■ **Task to complete**: Only the lines from the one with "Target Dummies with" to the end of the listing below should be set down, exactly as written and without any pictures.

■ **Information provided**:
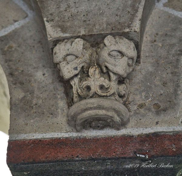 Curator: Looking at these magnificent Capitals of St Mary's Church in Bergen, Norway, dating back to approximately 1180, I’m immediately struck by their architectural significance within the Romanesque style. What springs to mind for you? Editor: A grizzled weightiness! So much stoic, gray texture... Centuries clinging on. You almost feel the weather eroding the details as you look. Makes me think of ancient secrets whispered in stone. Curator: Indeed. The carving itself reveals so much about the period’s aesthetic values. Note the geometrical reduction and stylization. Each volute and leaf, each animal form, has been rendered according to specific conventions—emphasizing structure. Editor: Conventions, sure, but they also seem like the sculptor was having some fun. Like with the creature on the right. Is it a badly drawn lion? Or is that a knowing wink at something else entirely? It's so much quirkier than some grand statement about power and piety. Curator: That brings up an important point: the tension between symbolism and aesthetic function. Romanesque sculpture often features complex iconographic programs, but equally crucial is how these elements serve the building's overall tectonic logic. How the capital mediates between the vertical thrust of the column and the weight of the arch above. Editor: It's that push and pull, I think, that keeps it interesting. The way these forms communicate upward support, all while also feeling deeply connected to folk stories. What stories could that sculptor tell, you know? And even as the stone weathers, the sense of personality endures! Curator: I concur completely. In analyzing this work, we gain deeper insight into how medieval artisans ingeniously fused symbolic meaning with structural necessity. Editor: I will remember not the technical mastery of these capitals but the mysterious humor locked away for nearly 1000 years. That’s why I look at art, I think, to connect with souls over the great chasm of time.
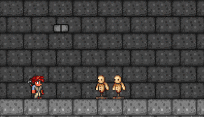 Target Dummies with the Combat Wrench. Note how the wrench returns immediately when hitting blocks.
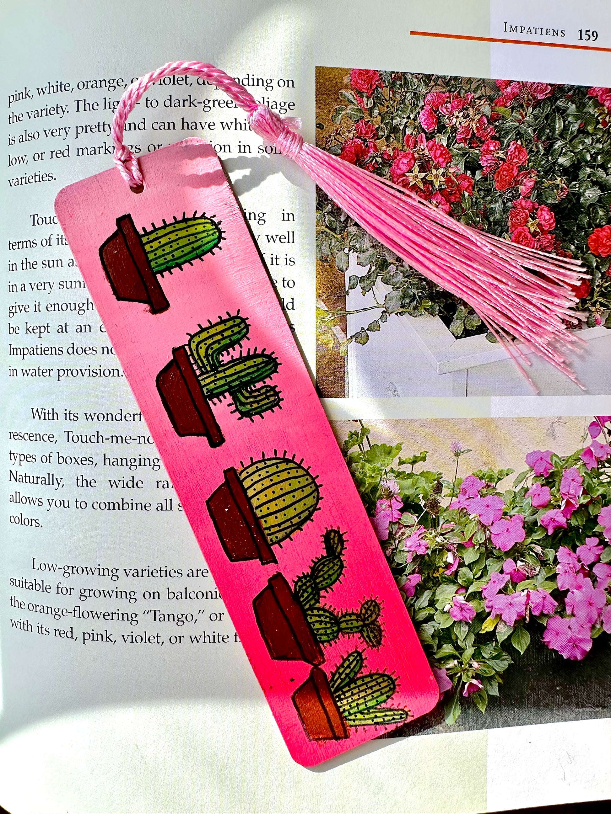 Read in style with a one of a kind wooden bookmark. Each piece is individually hand painted with acrylic, making every design unique. Finished with a satin varnish for protection, ready to accompany your next great read.

■ **Written reply**:
 Target Dummies with the Combat Wrench. Note how the wrench returns immediately when hitting blocks.
 Read in style with a one of a kind wooden bookmark. Each piece is individually hand painted with acrylic, making every design unique. Finished with a satin varnish for protection, ready to accompany your next great read.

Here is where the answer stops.